Exercise directions
The exact lines of the listing, from its first through the line that contains "Proveedor:HermexJaladera, perilla y", are to make up the answer, and pictures are to be left out.

Information shown
□ □ □ □ □

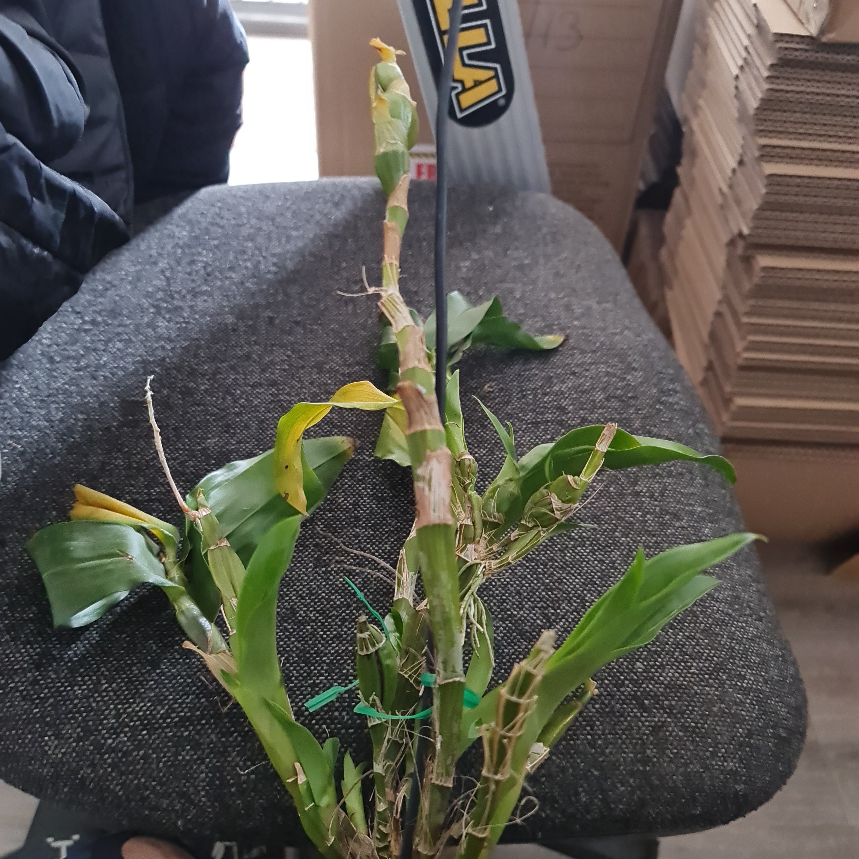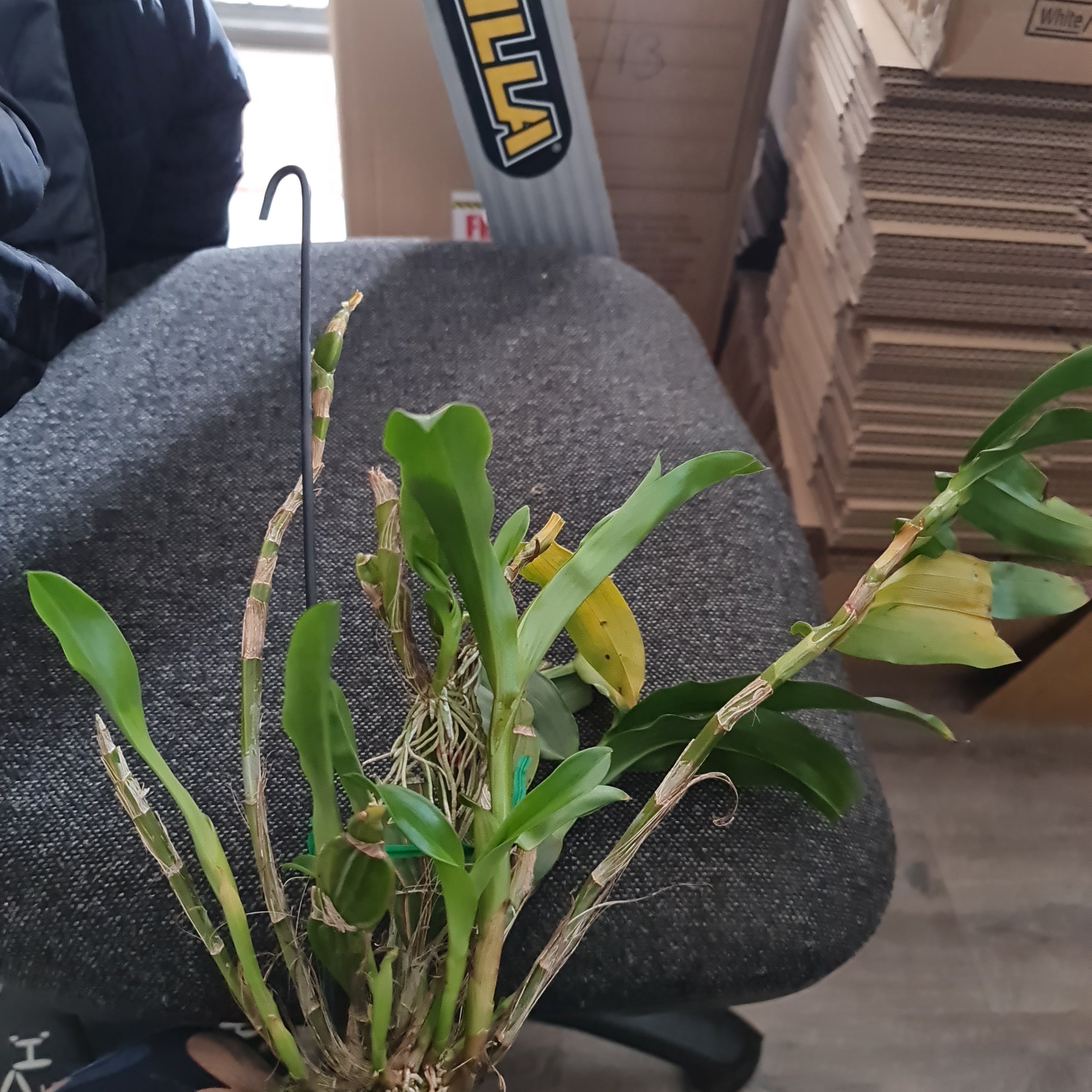 Dendrobium sulcatum is a small to medium sized, warm growing epiphyte that originates from Asia (Assam, eastern Himalayas, Myanmar, Thailand, Laos and south central China) and thrives in tropical valleys. Creamy butter yellow flowers appear in the late spring on a short, pendulous inflorescence with 1″ flowers. My favorite thing about this plant is the flat canes that can be enjoyed year round. Allow almost to dry before watering; grows well potted or mounted. Intermediate to warm temperatures and moderate light. On offer the orchid is mounted and flowering size and having keiki's on it.
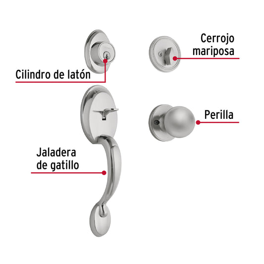 Proveedor:HermexJaladera, perilla y cerrojo mariposa, cromo mate, Basic, 23675Juego de cerraduras jaladera con gatillo y perilla Cerrojos con llave al exterior y mariposa al interior Cilindros de latón...
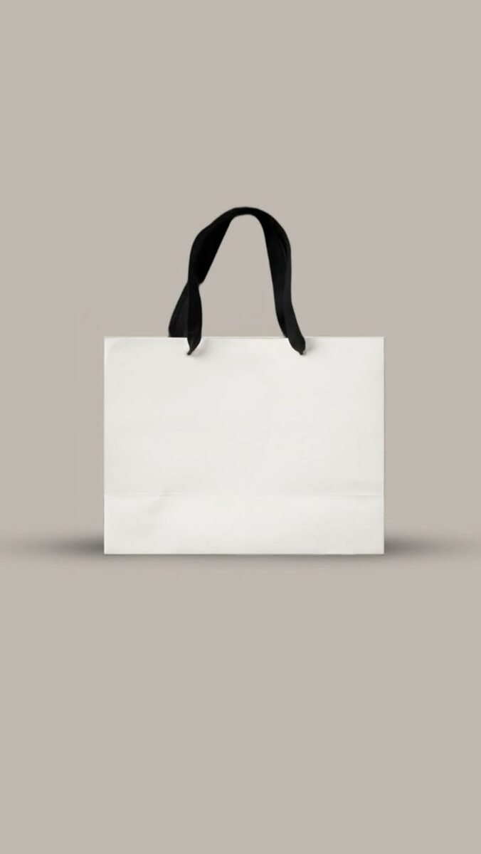«Добавь на этот минималистичный белый бумажный пакет с чёрными ручками изысканный паттерн Toile de Jouy: бордово-розовые розы, птицы, листья и ветви в классическом винтажном стиле. Пусть узор покрывает всю лицевую поверхность пакета, при этом сохраняется современная эстетика, чистота формы и контраст с чёрными ручками.»
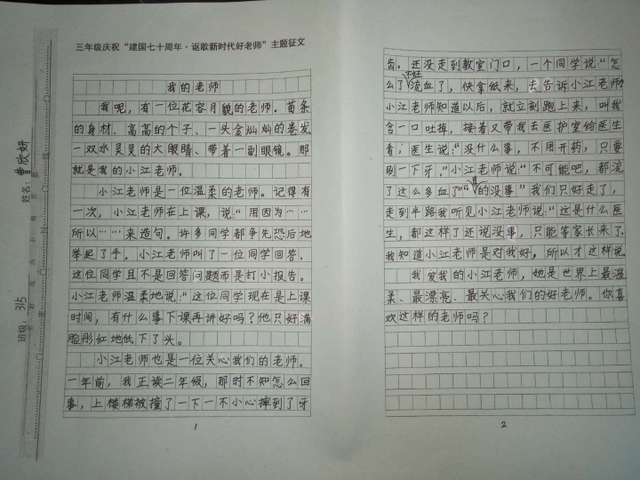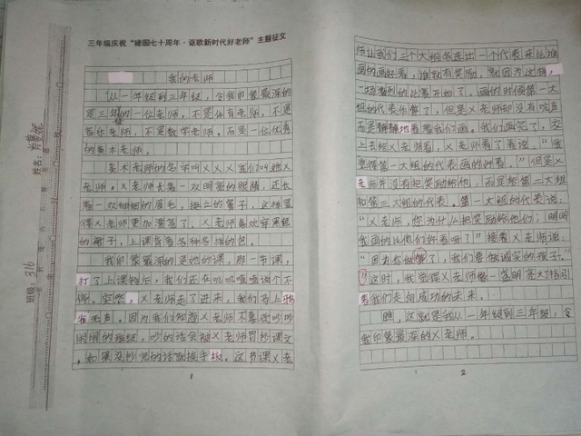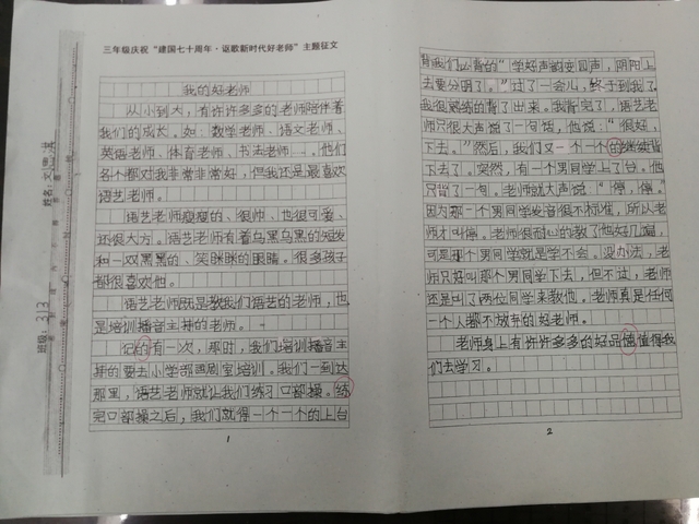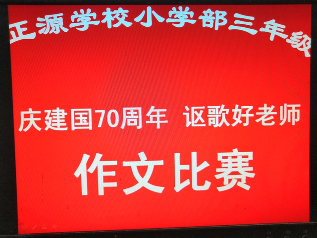 为了弘扬新时代教师风采,挖掘我市优秀教师典型,向建国七十周年献礼,根据《关于印发〈耒阳市中小学校党组织开展“四比四争”和“三亮三比三评”活动方案〉的通知》,正源学校小学部三年级于5月11日举行了“庆祝建国七十周年·讴歌新时代好老师”征文比赛。

□ □ □ □ □

Answer to the problem
 Dendrobium sulcatum is a small to medium sized, warm growing epiphyte that originates from Asia (Assam, eastern Himalayas, Myanmar, Thailand, Laos and south central China) and thrives in tropical valleys. Creamy butter yellow flowers appear in the late spring on a short, pendulous inflorescence with 1″ flowers. My favorite thing about this plant is the flat canes that can be enjoyed year round. Allow almost to dry before watering; grows well potted or mounted. Intermediate to warm temperatures and moderate light. On offer the orchid is mounted and flowering size and having keiki's on it.
 Proveedor:HermexJaladera, perilla y cerrojo mariposa, cromo mate, Basic, 23675Juego de cerraduras jaladera con gatillo y perilla Cerrojos con llave al exterior y mariposa al interior Cilindros de latón...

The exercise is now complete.